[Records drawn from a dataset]
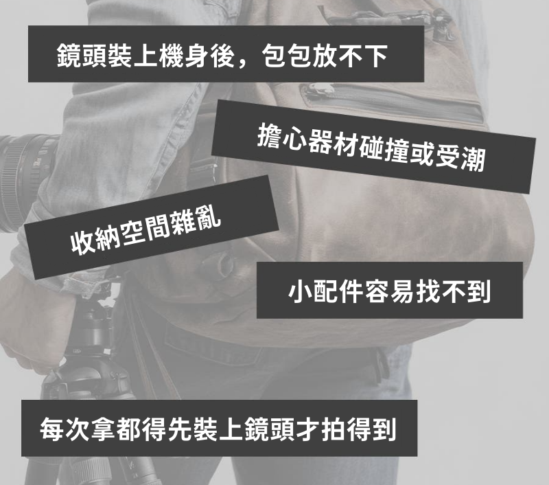 - 包2:鏡頭盒與配件收納,讓小物與鏡頭安全分隔,不再凌亂。
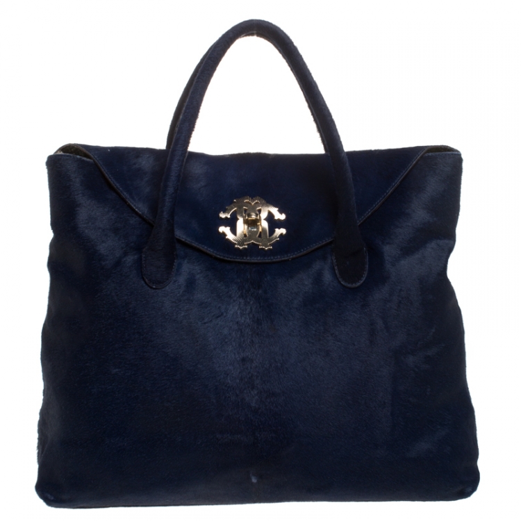 Pre Owned حقيبة روبرتو كافالى شعر مهر كحلية
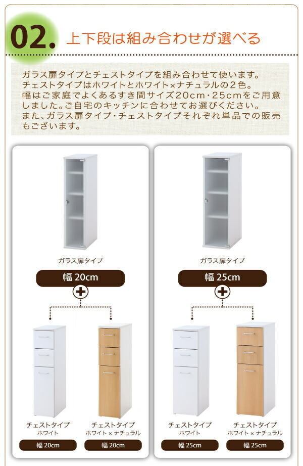 キッチンすき間収納ラック ガラス扉 幅20cm
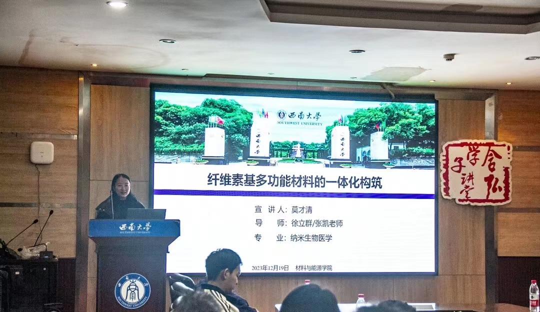 莫才清同学在《纤维素基多功能材料的一体化构筑》中聚焦于纤维素的环保和多功能性。她介绍了一种将醋酸纤维素和多壁碳纳米管与天然皮革结合的策略,用于制备具有热辐射特性的织物,旨在应对全球高温高湿的极端气候。这种纤维素基材料通过光热转化、光热蒸发和辐射制冷途径,实现了零能耗、零排放的热湿度调节。
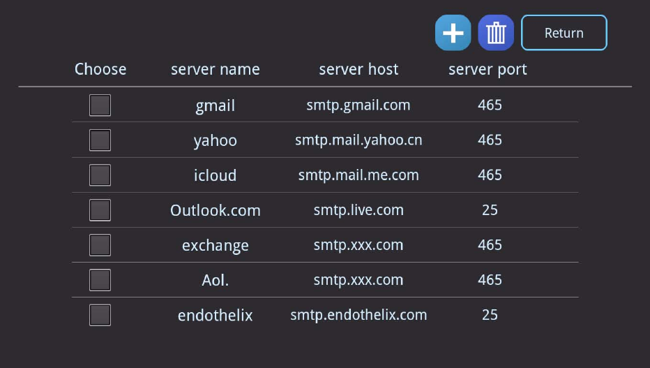 and then pressing on the “Trashcan” button, the selected email server will be
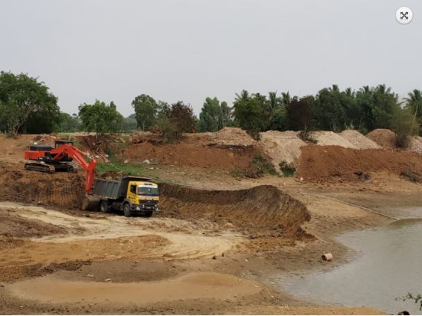 Desilting of the lake bed, and building bunds all around the lake being carried out
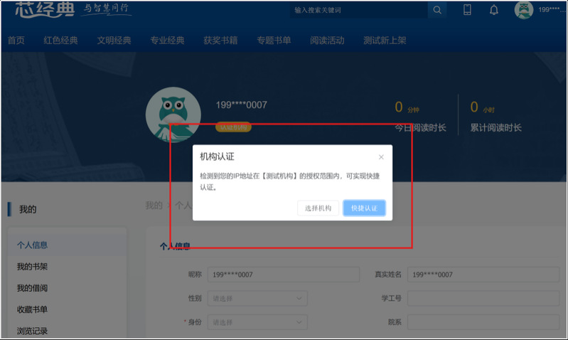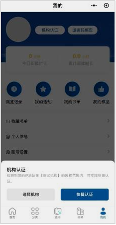 第三步:账号注册后,选择认证机构,弹出机构认证页面,点击【快捷认证】或选择/检索【安博官网登录入口】实现认证后开启阅读学习之旅。

What to do:
From the line containing "and then pressing" to the last line of the entries, copy every line exactly, including both ends, and leave out the pictures.

Task response:
 and then pressing on the “Trashcan” button, the selected email server will be
 Desilting of the lake bed, and building bunds all around the lake being carried out
 第三步:账号注册后,选择认证机构,弹出机构认证页面,点击【快捷认证】或选择/检索【安博官网登录入口】实现认证后开启阅读学习之旅。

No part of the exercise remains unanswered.